## Dataset section:
-*-

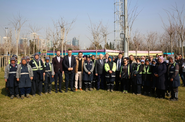 Daha sonra beraberindekilerle çiçek dikimi yapan Başkan Bozbey, günün anısına kadınlara çuha ve gazania çiçeği hediye etti.
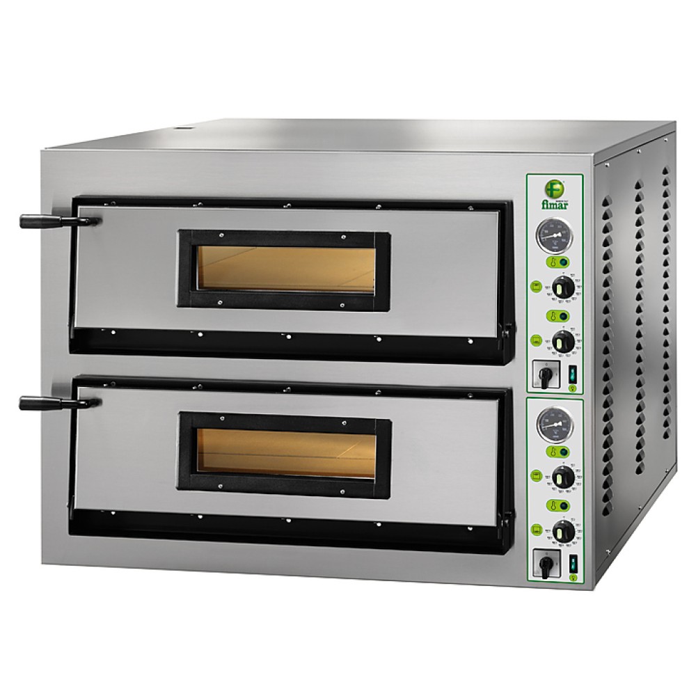 Печь для пиццы FIMAR FML/4+4 используется на предприятиях общественного питания и торговли для выпечки пиццы, лепешек и т.д. Модель оснащена 2 термостатами для каждой камеры, огнеупорной жарочной поверхностью, теплоизоляционным покрытием из минеральной ваты, подсветкой, пирометром и дверками со смотровыми окошками из стекла пирекс. Фронтальная облицовка выполнена из нержавеющей стали.
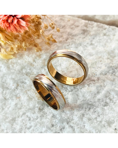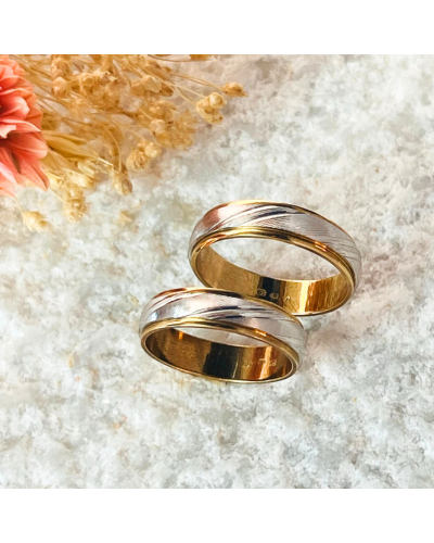 Aliança Bicolor de Ouro 9K Amarelo 4mm

-*-

All the material above must be copied exactly, and no picture belongs in the copy.

## Finished task:
 Daha sonra beraberindekilerle çiçek dikimi yapan Başkan Bozbey, günün anısına kadınlara çuha ve gazania çiçeği hediye etti.
 Печь для пиццы FIMAR FML/4+4 используется на предприятиях общественного питания и торговли для выпечки пиццы, лепешек и т.д. Модель оснащена 2 термостатами для каждой камеры, огнеупорной жарочной поверхностью, теплоизоляционным покрытием из минеральной ваты, подсветкой, пирометром и дверками со смотровыми окошками из стекла пирекс. Фронтальная облицовка выполнена из нержавеющей стали.
 Aliança Bicolor de Ouro 9K Amarelo 4mm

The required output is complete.